Published on December 8th, 2018 | by Sarah Waris0
Pakistan’s debacles in the fourth innings springs up yet again🕓 Reading time: 3 minutes
“However, when the moment to rise to the occasion a final time arrived in the series, all we got in return was a shoddy display of technique and temperament as they ended up conceding an away series win against New Zealand after 49 long years”
Cricket is a funny game. Just when I had gathered around details and was well on route to establish the potential that cricketers from both New Zealand and Pakistan contained, after a neck-to-neck challenge on the first three days of the third Test, the game opened up wider possibilities as we first saw an assured Kane Williamson tackle the low spin on offer with ease and then witnessed the ‘home’ side losing the plot on the last day. Up against newbie Ajaz Patel and debutant Will Somerville, who got a stick at 34 years of age, the Pakistani unit huffed and puffed through their 56.1 overs on the last day, eventually losing all their scalps for 156 runs on Day 5 to lose the match and the series against a team who had turned up in whites for the first time in seven months.
Set an improbable target of 280 for a series-winning triumph against the Black Caps, Pakistan just needed to weather the storm, manage their nerves and get going. However, the innings started on an anti-climactic note as Mohammad Hafeez barely survived the first ball of his last Test innings by playing an outside off delivery away from the body. Trent Boult and Tim Southee kept things tight at the very start, troubling Imam-ul-Haq with pace and constantly changing the angle of the deliveries to Hafeez. It worked as the player was dismissed to a brute of a delivery, which landed around the off-stump before straightening up to knock off the off-stump as the Professor walked back a final time. The dismissal had been cleverly plotted by Southee, who delivered the ball a little wider of the crease after sticking to the outside off-stump line for the first 6 overs.
At the other end, Imam looked a calm self, smashing back-to-back boundaries off the same bowler – the first a cut and then a drive past mid-off. However, the arrival of Colin de Grandhomme ruffled up Azhar Ali, who was seen edging his deliveries, and was eventually out in a similar fashion – edging an outswinger for an easy catch to the keeper.

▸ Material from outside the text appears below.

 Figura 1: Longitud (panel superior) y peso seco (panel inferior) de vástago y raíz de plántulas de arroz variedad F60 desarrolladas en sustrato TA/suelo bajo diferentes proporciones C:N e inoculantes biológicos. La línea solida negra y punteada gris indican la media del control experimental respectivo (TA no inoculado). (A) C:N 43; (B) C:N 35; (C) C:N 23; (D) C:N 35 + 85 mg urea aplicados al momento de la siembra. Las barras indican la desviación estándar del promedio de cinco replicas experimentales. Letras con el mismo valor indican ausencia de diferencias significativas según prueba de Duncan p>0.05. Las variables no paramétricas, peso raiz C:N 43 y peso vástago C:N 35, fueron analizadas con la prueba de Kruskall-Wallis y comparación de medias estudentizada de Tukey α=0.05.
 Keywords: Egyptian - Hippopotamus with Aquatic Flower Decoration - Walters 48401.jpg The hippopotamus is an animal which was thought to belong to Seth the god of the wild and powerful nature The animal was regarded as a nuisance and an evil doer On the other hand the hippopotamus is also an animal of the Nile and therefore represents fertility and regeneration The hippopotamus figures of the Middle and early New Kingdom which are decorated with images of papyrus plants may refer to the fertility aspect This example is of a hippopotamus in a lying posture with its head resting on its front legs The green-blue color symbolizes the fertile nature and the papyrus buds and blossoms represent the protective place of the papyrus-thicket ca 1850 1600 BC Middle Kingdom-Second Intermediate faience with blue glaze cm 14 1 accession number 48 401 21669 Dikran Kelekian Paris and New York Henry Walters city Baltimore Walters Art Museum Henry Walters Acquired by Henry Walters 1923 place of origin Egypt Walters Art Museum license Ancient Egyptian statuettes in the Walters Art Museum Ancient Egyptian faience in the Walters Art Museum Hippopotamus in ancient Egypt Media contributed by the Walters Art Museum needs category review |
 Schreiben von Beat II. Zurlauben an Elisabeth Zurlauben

Haris Sohail had a sedate start, scoring 2 off 21 deliveries before unleashing himself with a smashing six that sailed over long-on. However, he was unable to withstand the change in speed, line, length and spin by Somerville. After facing a ball 90.8kph that spun only 3 degrees, the bowler slowed down the ball, bowling at 76.1kmph with a spin of 8.3 degrees. The very next ball, Asad Shafiq was out after tickling a delivery that turned down leg to reduce the side to 43 for 4.
After two more boundaries, Imam was back in the hut too, as Pakistan were left tottering. The country just has a fourth innings average of 20.1 – the worst among all teams – since 2017 and the Kiwi spinners extracted this weakness to their advantage. Patel was extracting turn up to 5 degrees in the game, while Somerville was constantly varying his length on a track that had started to break down like chalk even before Williamson had walked out to bat.

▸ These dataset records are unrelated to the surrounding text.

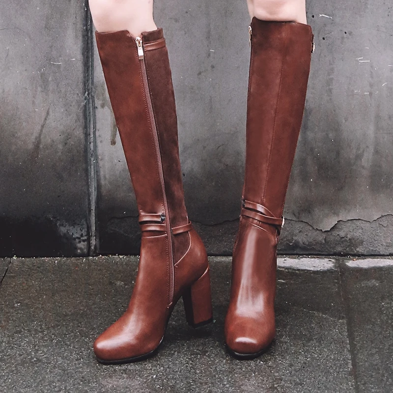 REAVE CAT Women knee-high boots Stretch Back Winter warm Round toe Fashion botas Quality footwear shoes Zipper Thick Heel A956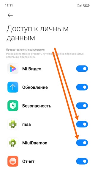 3. Деактивируем msa и Miui Daemon.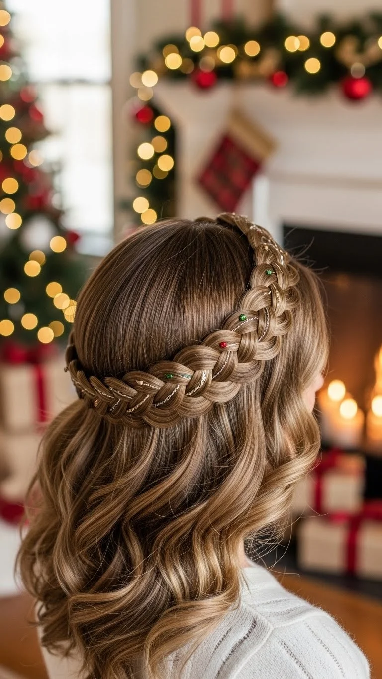 A braided headband is a whimsical choice. Braid a section of hair from one side and pin it back to create a headband effect. Let the rest of your hair fall in soft waves. This style adds an innocent and charming touch to your holiday look. For a festive appeal, match your headband with seasonal colors or decorations. It’s an adorable option for any holiday gathering!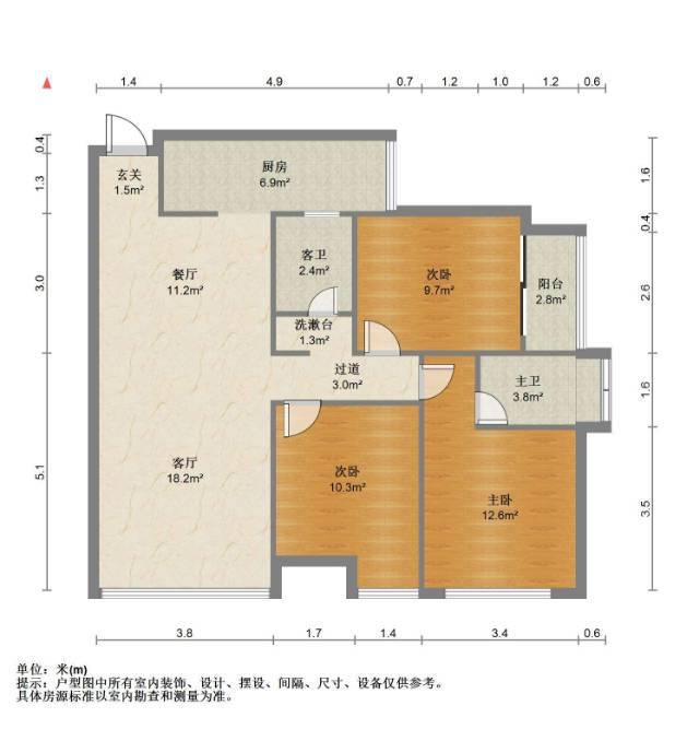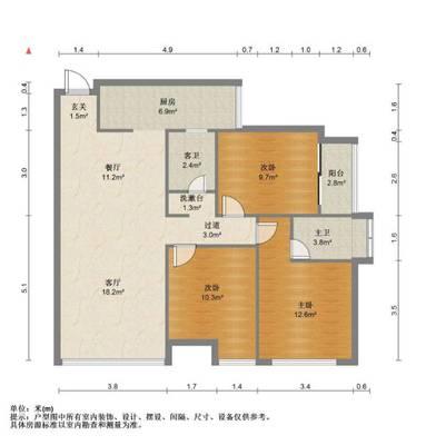 2室1厅2卫 面积56m²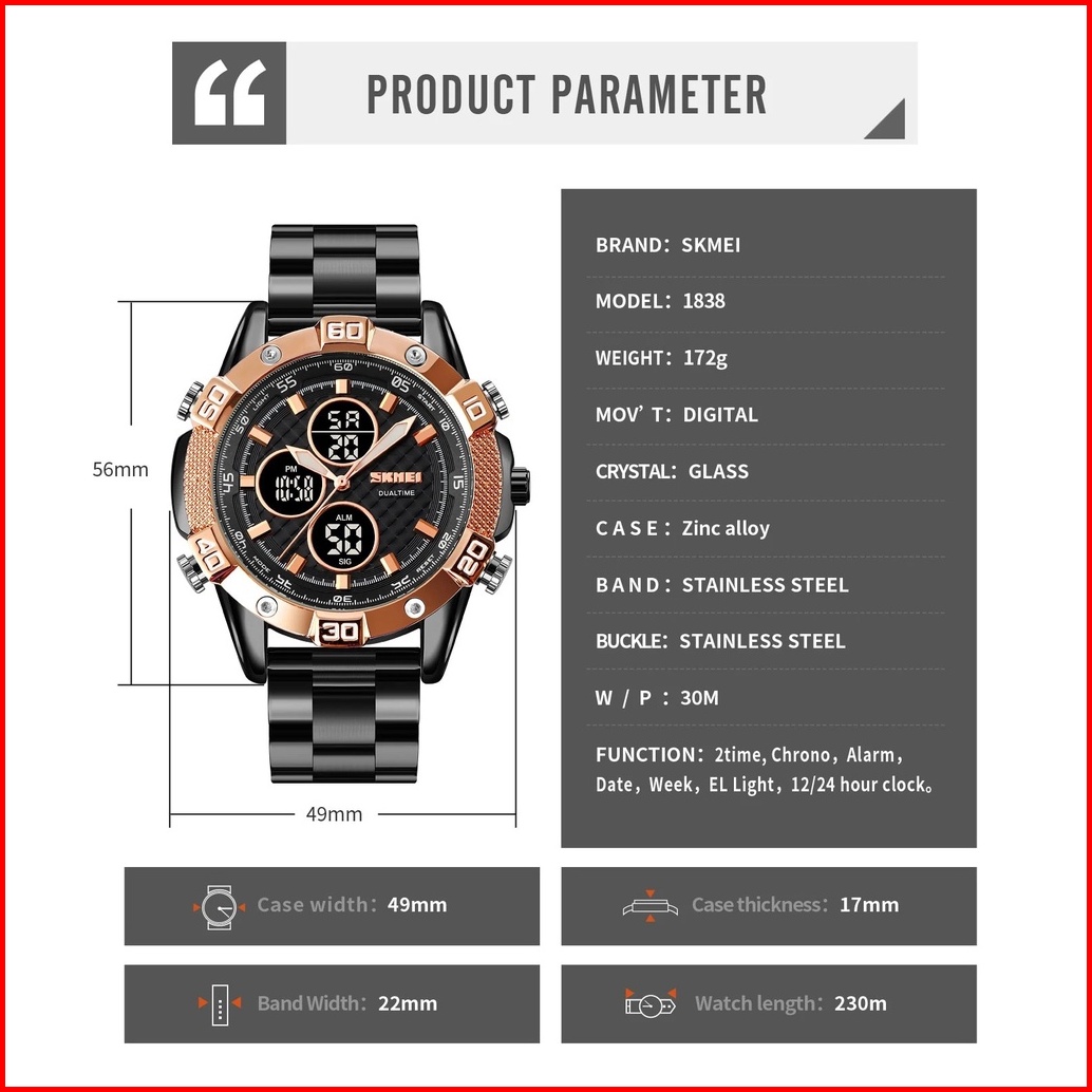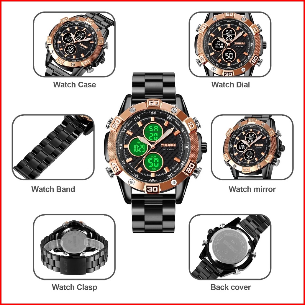 Skmei 1838 Original Jam Tangan Pria Dual Time Stainless Steel Jam Tangan Tahan Air

Though Sarfaraz and Babar Azam tried to rebuild the innings together, stitching together a 43-run stand and took the attack to the rivals, Somerville soon dismissed the Pakistan skipper with a quicker delivery. He had tried to look positive and played with ‘intent’ – a term largely being misused in the cricketing world – attacking in 34% of his shots but the genius of the spinner and his own hubris wherein he misjudged the length led to his downfall. A 33-run partnership between Bilal Asif and Azam ignited hopes of a strong comeback but once the latter was dismissed – out to a slow, short and wide ball from Patel, the writing was well on the wall.
The down-slide, after Williamson and Henry Nicolls’ hundreds was not only disappointing but also highlighted once again the phases on unpredictability that the side gets seeped in to. Up against a menacing Yasir Shah, the two Kiwi stars had dished out an array of shots to eventually tire out the premier star and much was expected from the Pakistani unit once they walked out to bat.
However, when the moment to rise to the occasion a final time arrived in the series, all we got in return was a shoddy display of technique and temperament as they ended up conceding an away series win against New Zealand after 49 long years.